青春を取り戻せ!
一流の銀座のホステスたちは雑学には精通しているようで、くだらない話もそれなりに面白いのだが、多少焦れてきていた。

僕がトイレから戻って来ると、白木が立ち上がった。トイレかな?と思っていると、横の未美に似ている美女も立ち上がり、彼の腕に腕をからめた。

「先生、私はこのナターシャ(※源子名)と用がありますから、また後程ご連絡させていただきます」
と、微笑んだ。

僕は多少面食らった。

(商談はどうしたんだよ~)出口に歩みかけている彼を追った。

「どういうことですか?」

「先生は真面目なんだから、…リバティ(※源子名)と今日は楽しんでください。
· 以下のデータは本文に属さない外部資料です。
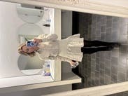 This dress has an interesting yolk below the waist and the skirt flares from there. I received this new with tags. I thought I was going to be going someplace cold so I rented it, but I didn’t end up wearing it at all. I left the tags on for the next person.. this would be a great work dress. Petite friendly.
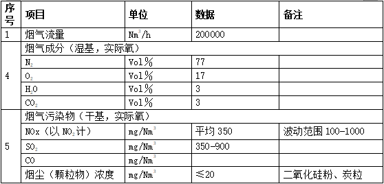 冶煉電爐煙氣成分復(fù)雜,氮氧化物與硫氧化物含量均較高,可參考的煙氣參數(shù)見表1
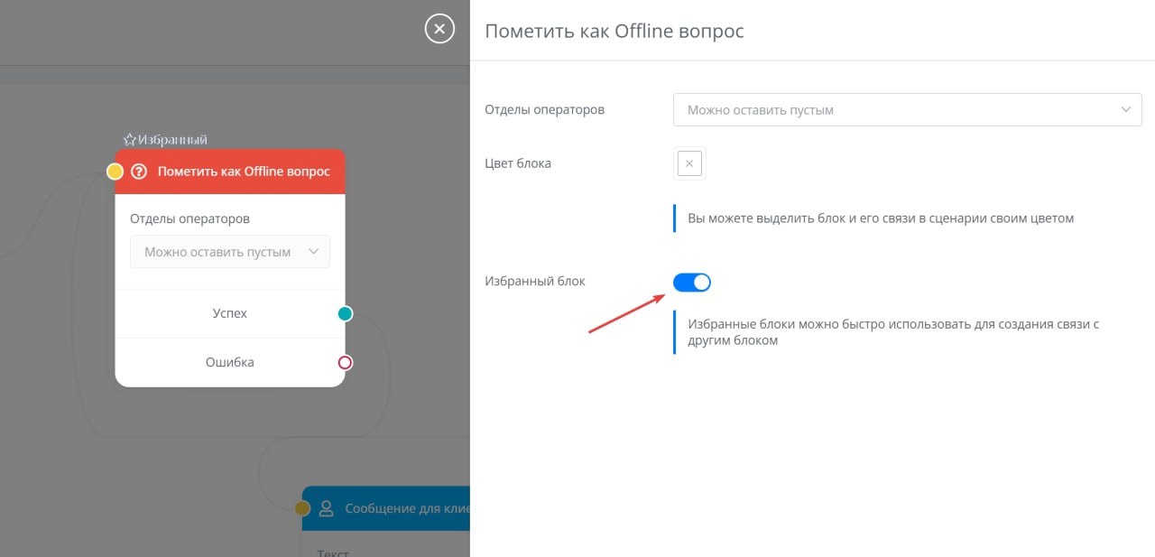 В настройках сценариев появилась возможность помечать блок "Избранным".
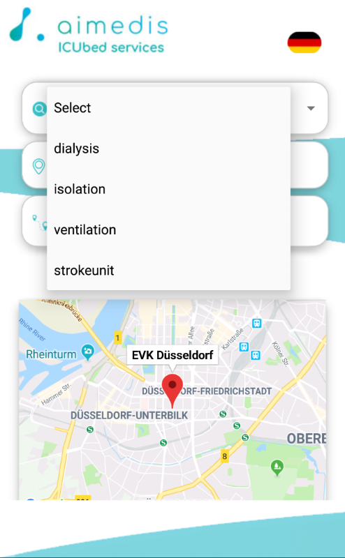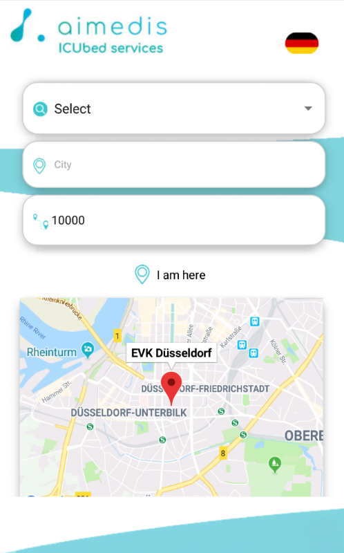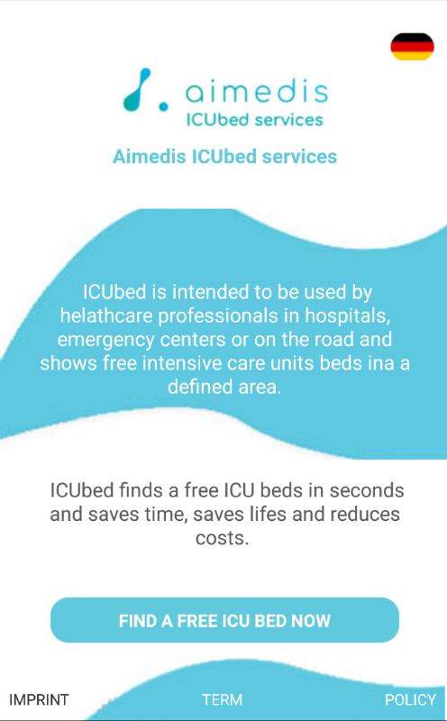 Aimedis ICU bed search engine. Pengguna dapat menemukan semua daftar Rumah Sakit. Radius diatur 10 km pada awalnya. Lokasi pengguna dan Lokasi Rumah Sakit akan ditandai di peta. Ketika pengguna akan membuka aplikasi, lokasi saat ini akan ditampilkan, dan mencari dengan radius 10 km.
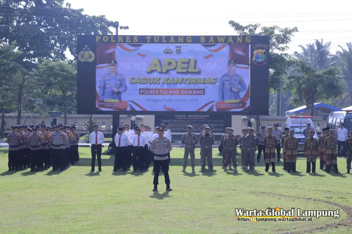 TULANG BAWANG – Suasana khidmat namun penuh semangat menyelimuti Lapangan Polres Tulang Bawang, Senin (06/04/2026) pagi. Ribuan personel gabungan dari unsur kepolisian, pemerintah daerah, hingga ormas dan tokoh masyarakat berbaris rapi dalam momentum besar Apel Sabuk Kamtibmas.
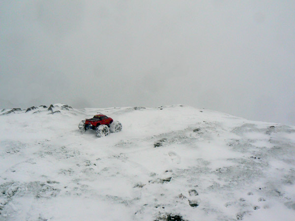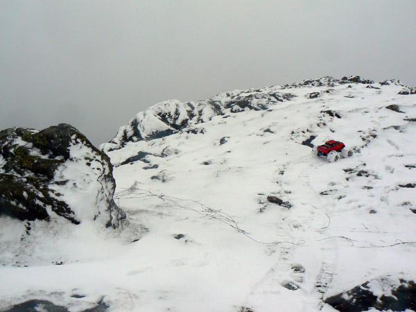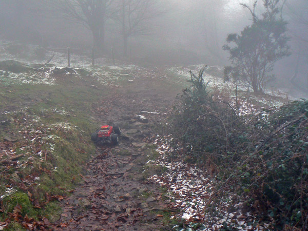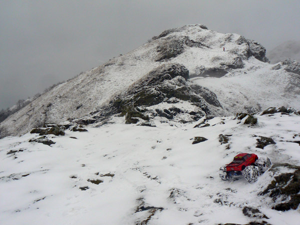 Subo con el coche de radiocontrol en busca de la esperada nieve , por primera vez en este invierno a cotas relativamente bajas.
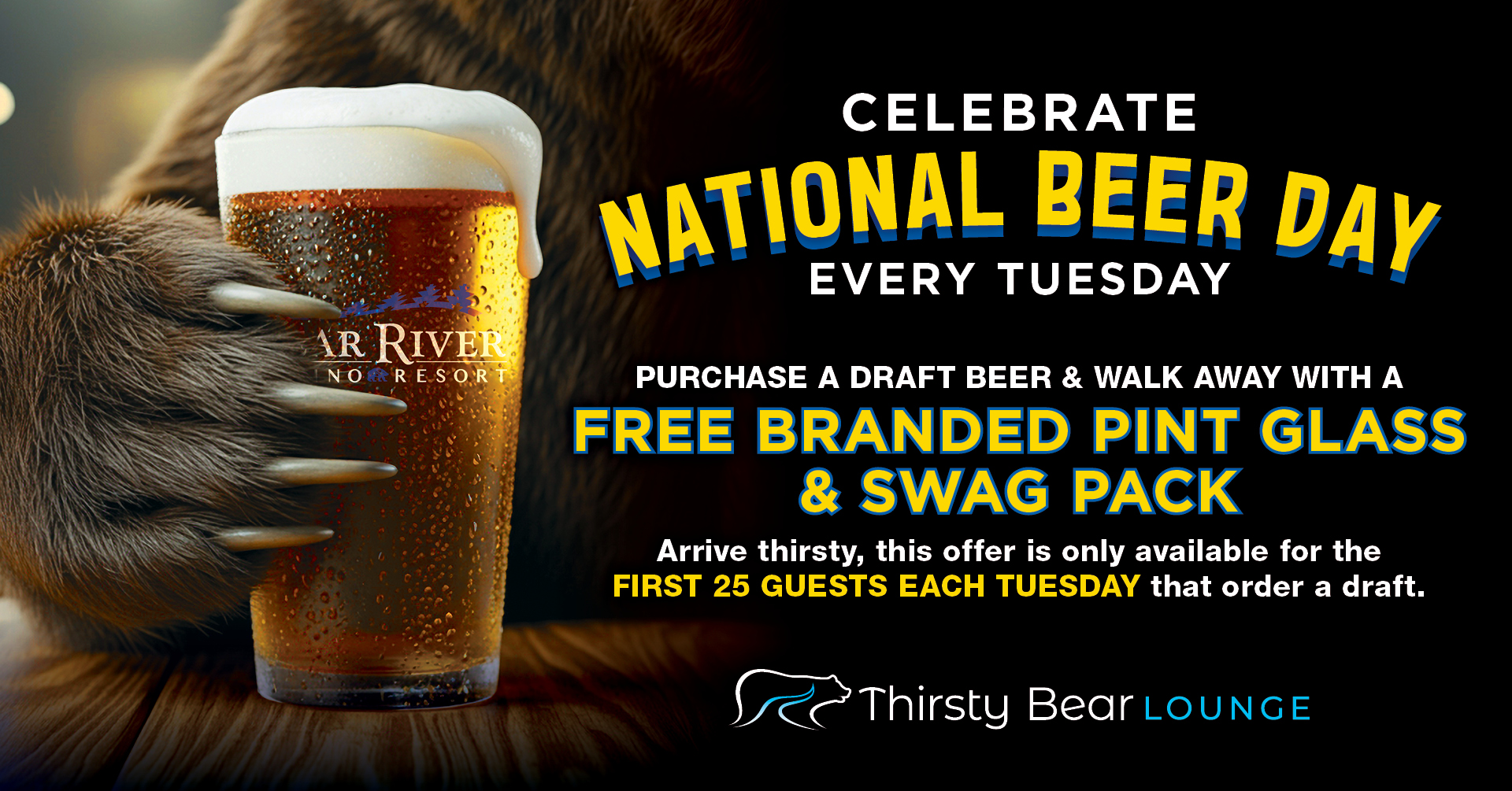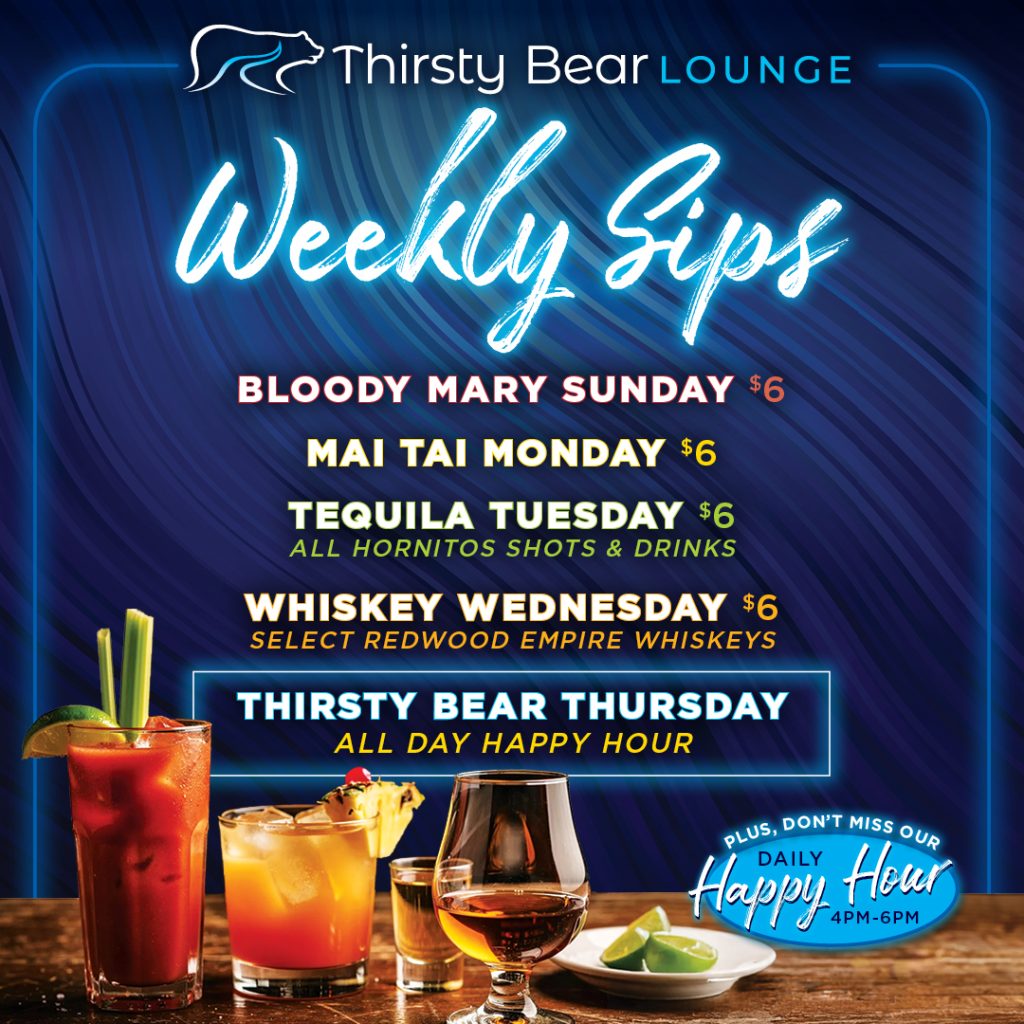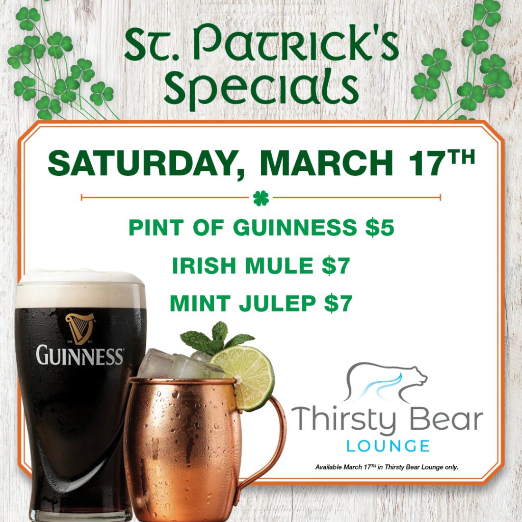 Thirsty Bear Lounge is a platform for local entertainment including weekly live music, DJ’s and even special events such as Trivia Night, Karaoke Nights and more. A local favorite for dancing and nightlife, its also the perfect place to catch your favorite team or game on the big screens while enjoying some incredible pub grub and our expansive craft beer selection.
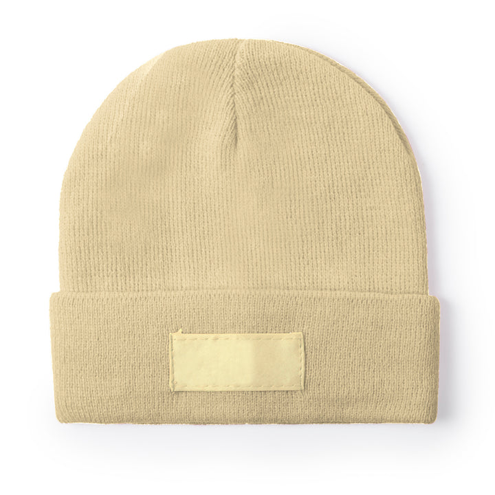 Weiche und warme Kinderhut aus Acrylmaterial. Elastisch und leicht anzupassen, mit passendem Saum und vorderem Etikett für Branding.
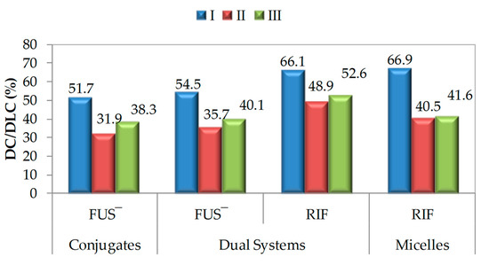 The degree of non-ionic drug encapsulation, namely the drug loading content (DLC), was calculated as a percentage of the drug loading concentration to the total concentration of the copolymer/conjugate and the loaded drug, using UV-Vis spectroscopy. Similar to FUS exchange, the encapsulation of RIF was the most efficient in copolymer I (Figure 2). It was also observed that the presence of an anionic drug in the polymer did not greatly impact its encapsulation (in micelles of a single-drug system, DLCRIF = 66.9% vs. the dual-drug system, DLCRIF = 66.1%). A similar trend was observed when II or III was used as the matrix, but they could encapsulate RIF in lower amounts, i.e., 50% and 40%, respectively.
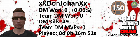 [URL=http://GTAonlinestats.com/showplayer/xXDonJohanXx/2][IMG]http://GTAonlinestats.com/signature/xXDonJohanXx/2/sig.png[/IMG][/URL]
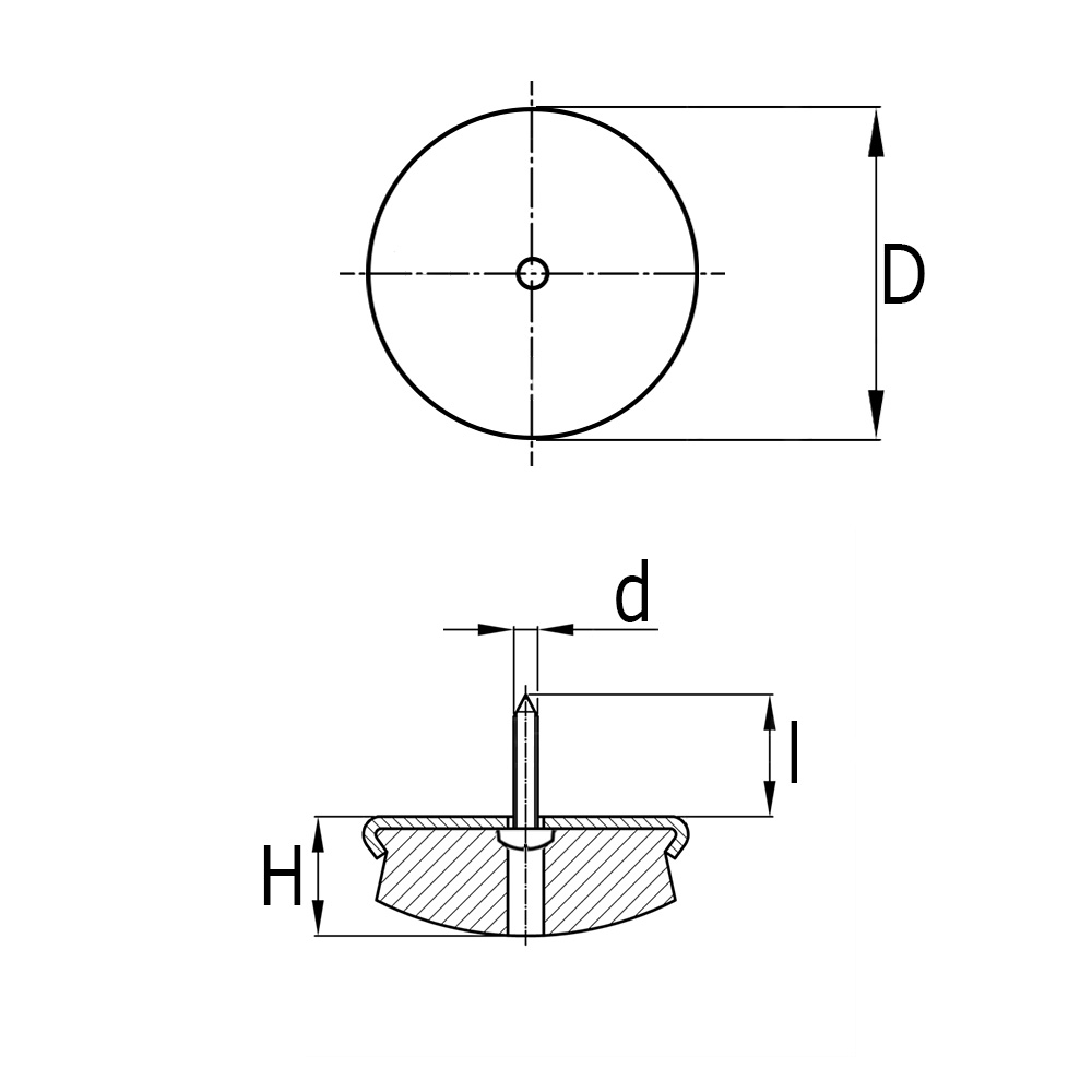 D=Glijvlak-Ø, d=Schroef-Ø, H=Hoogte, l=Lengte schroef
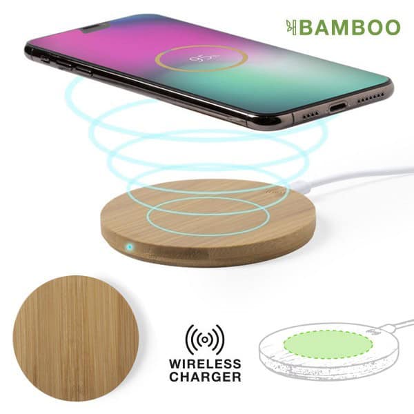 Cargador inalámbrico de línea nature y diseño circular. Carcasa en bambú procedente de cortes naturales. Indicador de estado de carga y compatible con dispositivos equipados con tecnología de carga inalámbrica. Amplia superficie de marcaje y presentado en atractiva caja de diseño eco.
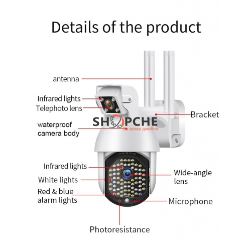 Камерата използва приложението Icam 365 Чисто нови въртящи (PTZ) на 320° градуса по хоризонтала и 90° градуса по вертикала се безжични WIFI IP Full HD камери със резолюция 1920х1080 FULLHD, 2.0MP Lend , 3.6mm фокус
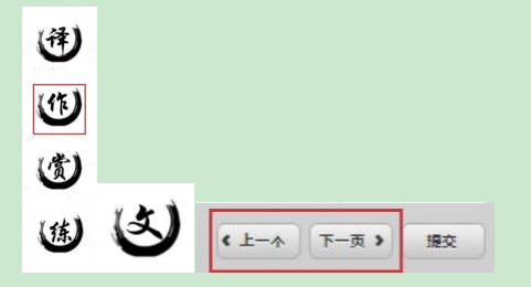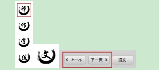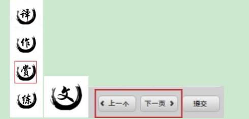 4.原文翻译:点击界面左侧“译”按钮。学习结束点击界面左侧“文”按钮或“上一页”返回原文。点击“下一页”继续学习诗人简介。
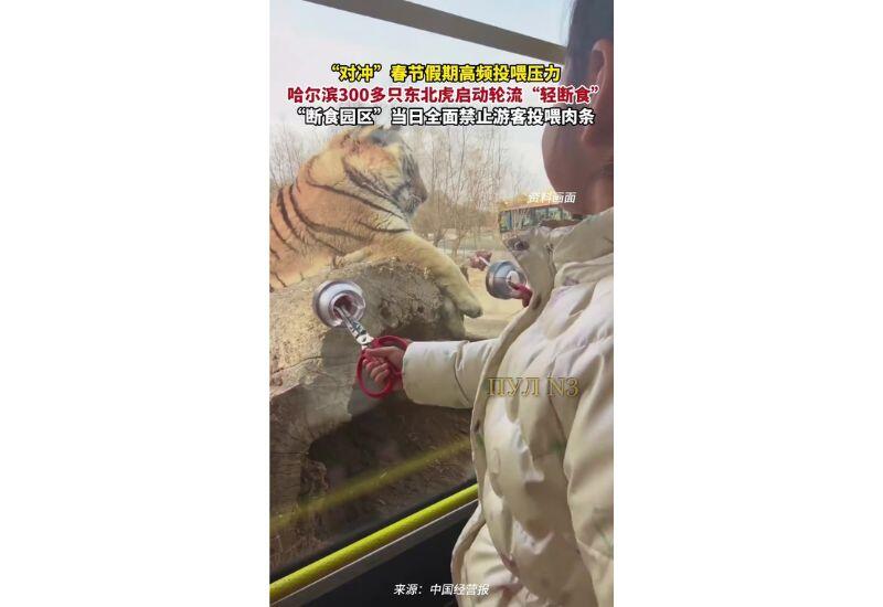 Теперь более 300 тигров в Харбине находятся на "легком голодании". В зоопарке утверждают, что этот перерыв необходим для оздоровления после недавнего новогоднего переедания. В одной зоне в день полностью исключается мясо, в то время как остальные питаются как обычно.

それとも彼女がお嫌いですか?」

(そういうことか!?)

「いいえ、そんなことはありませんけど、…そうだ!?今度連絡する時はここにお願いします」

と、僕は携帯電話のナンバーを渡した。…これ以上本物の助教授に迷惑は掛けられないと思ったのだ。
助教授には白木から今後電話がきても居留守を使ってもらうつもりだ。
そして僕とも無関係を装ってもらい、もし万が一、将来、警察の調査が入っても、名前を使われた被害者だと主張してくださいとお願いしておくつもりだ。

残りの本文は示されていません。